**Your instructions:** Write out the listing exactly, from its first line through the line holding "Мусульманская блогерша Худа", but include none of the pictures.
------------------------------
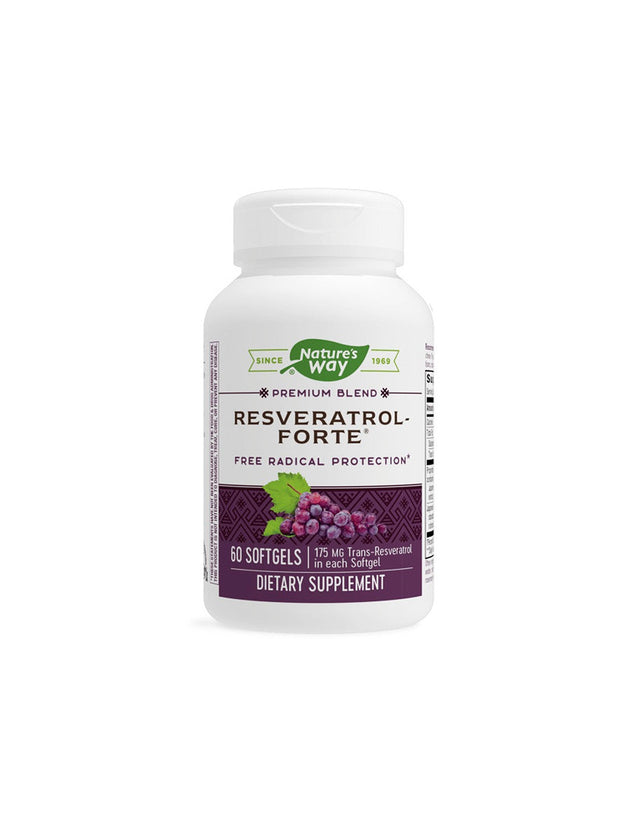 Resveratrol Forte od americkej spoločnosti Nature's Way je vysoko účinný prípravok, ktorý chráni bunky pred oxidačným stresom a prispieva k normálnej činnosti srdca, pečene a ciev. Každá kapsula z mäkkého gélu je ekvivalentná resveratrolu obsiahnutému v 118 fľašiach červeného vína.
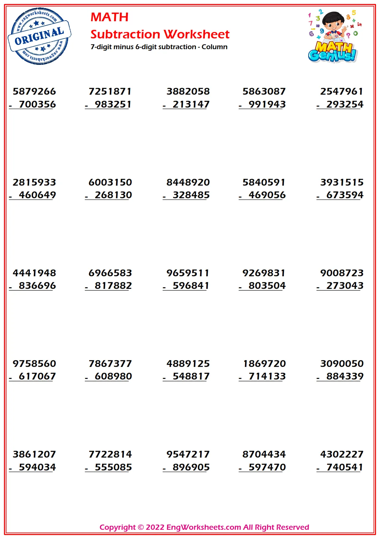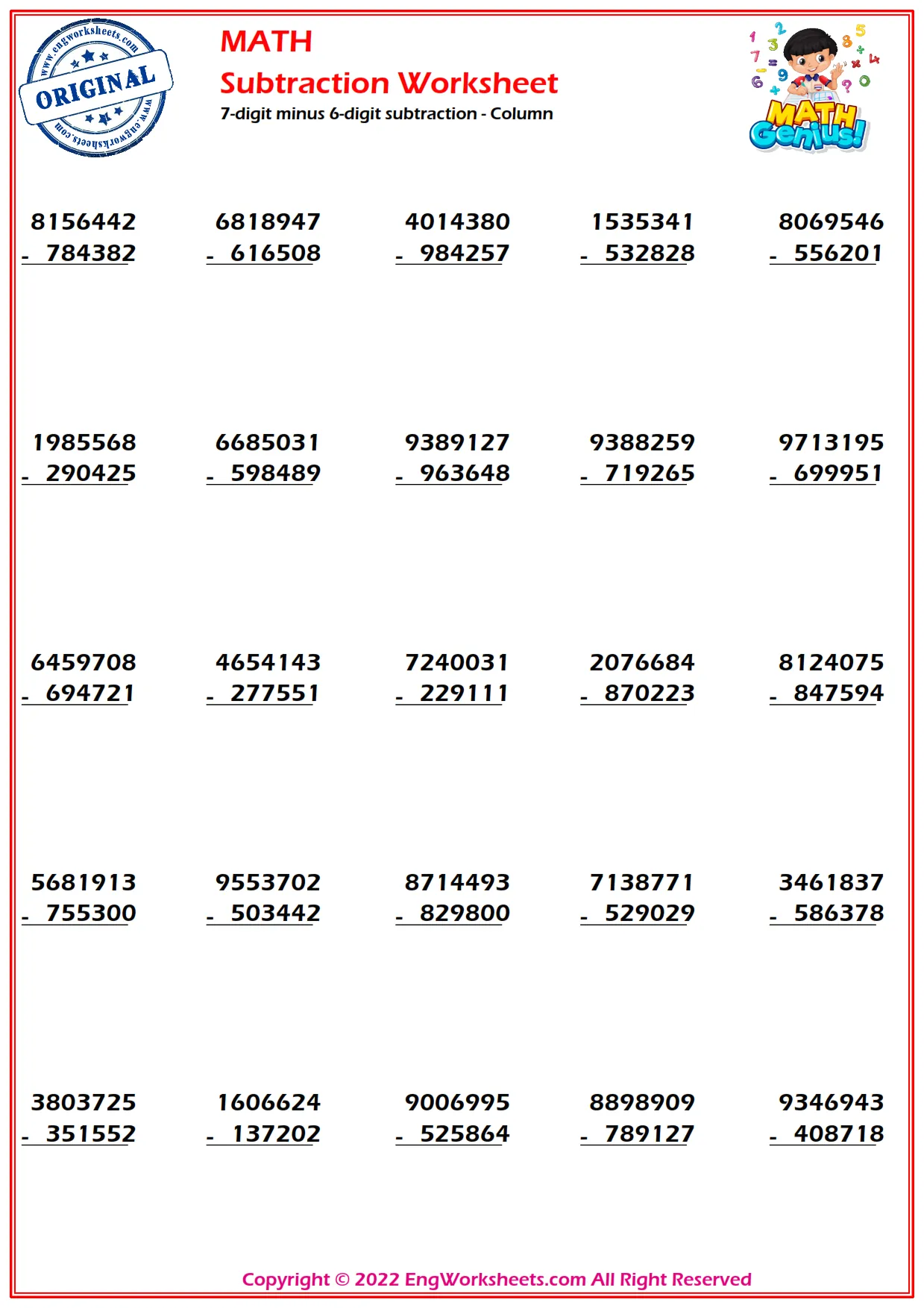Help your students master 7-digit minus 6-digit subtraction with our column subtraction worksheets. These worksheets offer a variety of problems to challenge students and reinforce their subtraction skills.
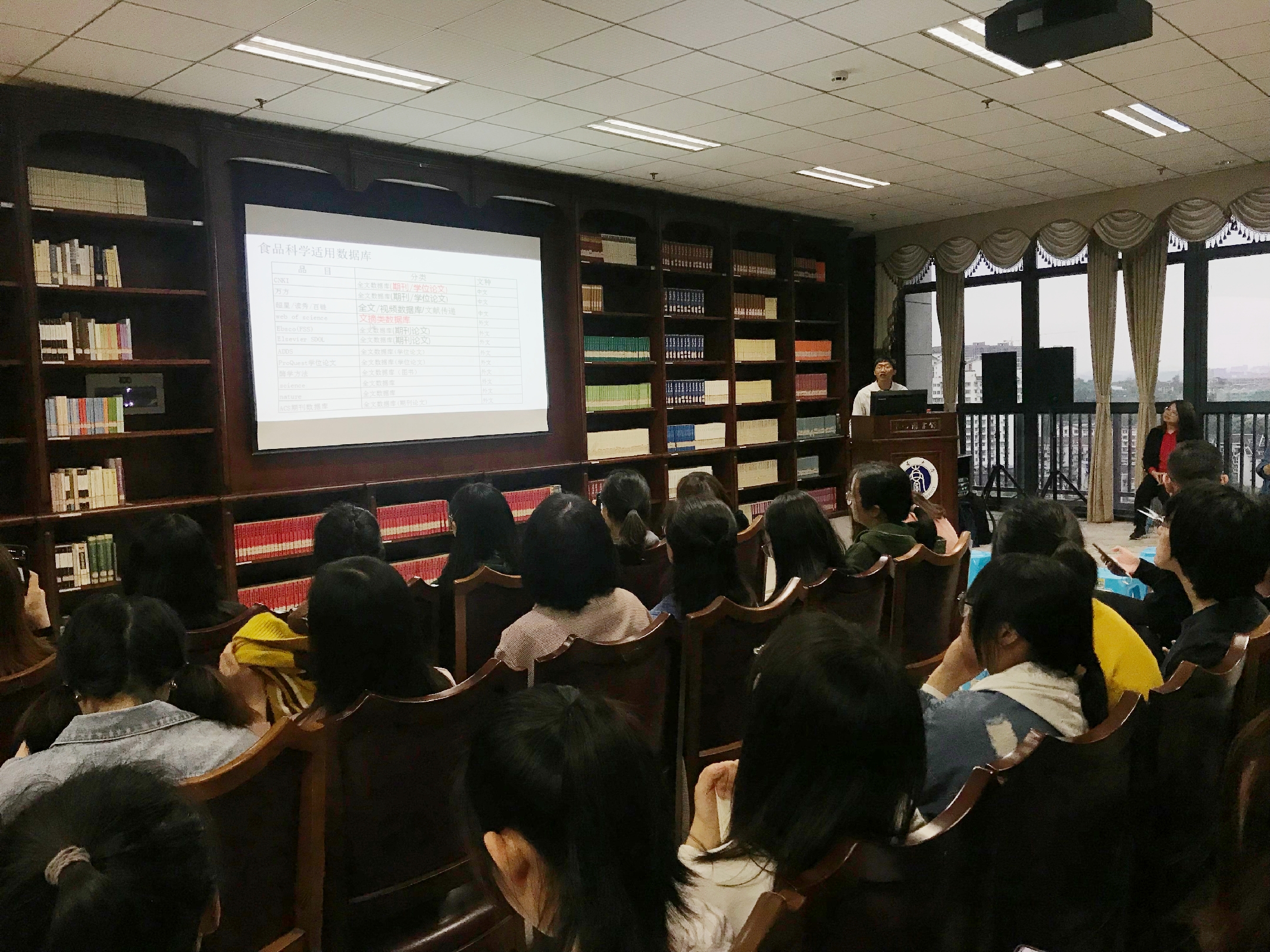 接下来,胡文婷老师与同学们分享了在EBSCOhost平台上检索外文文献的方法。在分享之初,她向大家介绍了EBSCO的历史和现状,并示范了如何进入EBSCO。随后,胡老师从综合学科检索数据库、企业商管财经数据库与食品科学数据库三个方面介绍了数据库包含的内容,并详细的介绍了数据库中与食品相关信息,其中包含食品行业领先企业的案例、食品服务、食品包装、食品运输等。最后,胡老师进行了上机操作演示,给现场同学示范了基本检索和高级检索方式、检索结果的筛选及查看、如何建立文件夹、设置期刊提醒以及食品相关企业的情况查找等。
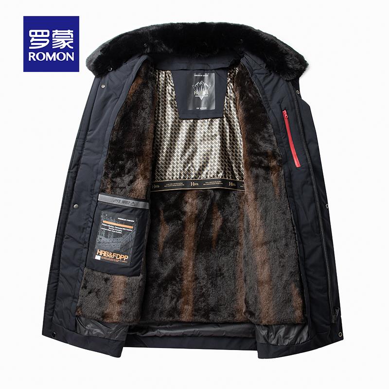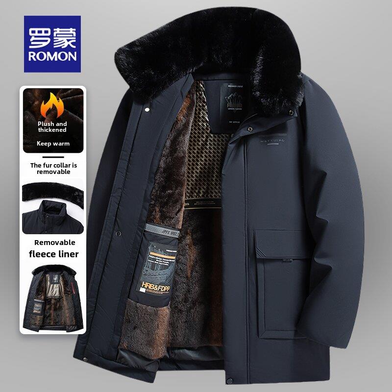罗蒙爸爸装棉服冬季毛领内胆可脱卸加绒加厚保暖防寒中老年棉衣男
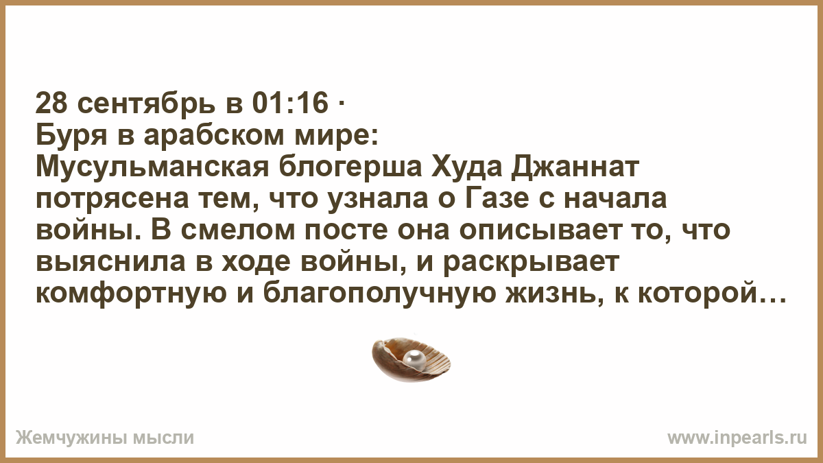Мусульманская блогерша Худа Джаннат потрясена тем, что узнала о Газе с начала войны. В смелом посте она описывает то, что выяснила в ходе войны, и раскрывает комфортную и благополучную жизнь, к которой привыкли жители Газы и лидеры ХАМАС благодаря уступкам Израиля. Пост разоблачает лицемерие ХАМАС относительно якобы ужасного положения жителей Газы до войны.
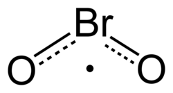 Bromine dioxide is the chemical compound composed of bromine and oxygen with the formula BrO2. It forms unstable yellow[2] to yellow-orange[1] crystals. It was first isolated by R. Schwarz and M. Schmeißer in 1937 and is hypothesized to be important in the atmospheric reaction of bromine with ozone.[3] It is similar to chlorine dioxide, the dioxide of its halogen neighbor one period higher on the periodic table.
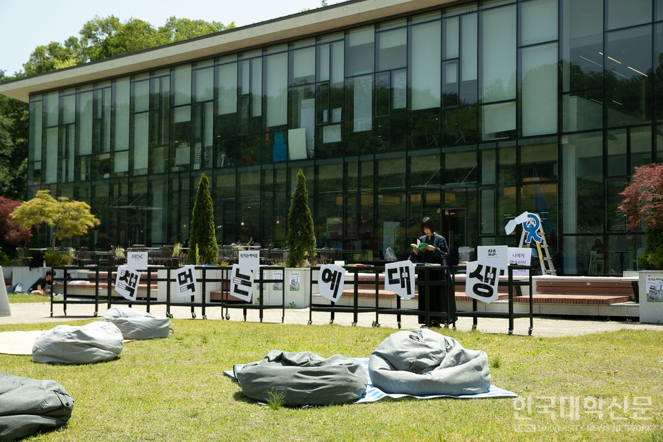 ‘책 먹는 예대생’은 예술대학생들이 과제와 작업에 쫓기는 일상 속에서 잠시 멈추고, 책을 통해 예술적 감수성과 사유를 회복하는 기회를 제공하기 위해 마련됐다. 잔디밭 위 빈백과 돗자리에서 자유롭게 책을 읽는 방식으로 운영된 이 프로그램에는 약 130권의 도서가 비치됐으며, 이 중에는 도서관 추천 도서 75권을 비롯해 책마을해리, 아르케 교양학부, 학생·소수자권리위원회 ‘잡초’, 그리고 학생들의 자체 큐레이션 도서도 포함됐다.
------------------------------
**Answer to this problem:**
 Resveratrol Forte od americkej spoločnosti Nature's Way je vysoko účinný prípravok, ktorý chráni bunky pred oxidačným stresom a prispieva k normálnej činnosti srdca, pečene a ciev. Každá kapsula z mäkkého gélu je ekvivalentná resveratrolu obsiahnutému v 118 fľašiach červeného vína.
Help your students master 7-digit minus 6-digit subtraction with our column subtraction worksheets. These worksheets offer a variety of problems to challenge students and reinforce their subtraction skills.
 接下来,胡文婷老师与同学们分享了在EBSCOhost平台上检索外文文献的方法。在分享之初,她向大家介绍了EBSCO的历史和现状,并示范了如何进入EBSCO。随后,胡老师从综合学科检索数据库、企业商管财经数据库与食品科学数据库三个方面介绍了数据库包含的内容,并详细的介绍了数据库中与食品相关信息,其中包含食品行业领先企业的案例、食品服务、食品包装、食品运输等。最后,胡老师进行了上机操作演示,给现场同学示范了基本检索和高级检索方式、检索结果的筛选及查看、如何建立文件夹、设置期刊提醒以及食品相关企业的情况查找等。
罗蒙爸爸装棉服冬季毛领内胆可脱卸加绒加厚保暖防寒中老年棉衣男
Мусульманская блогерша Худа Джаннат потрясена тем, что узнала о Газе с начала войны. В смелом посте она описывает то, что выяснила в ходе войны, и раскрывает комфортную и благополучную жизнь, к которой привыкли жители Газы и лидеры ХАМАС благодаря уступкам Израиля. Пост разоблачает лицемерие ХАМАС относительно якобы ужасного положения жителей Газы до войны.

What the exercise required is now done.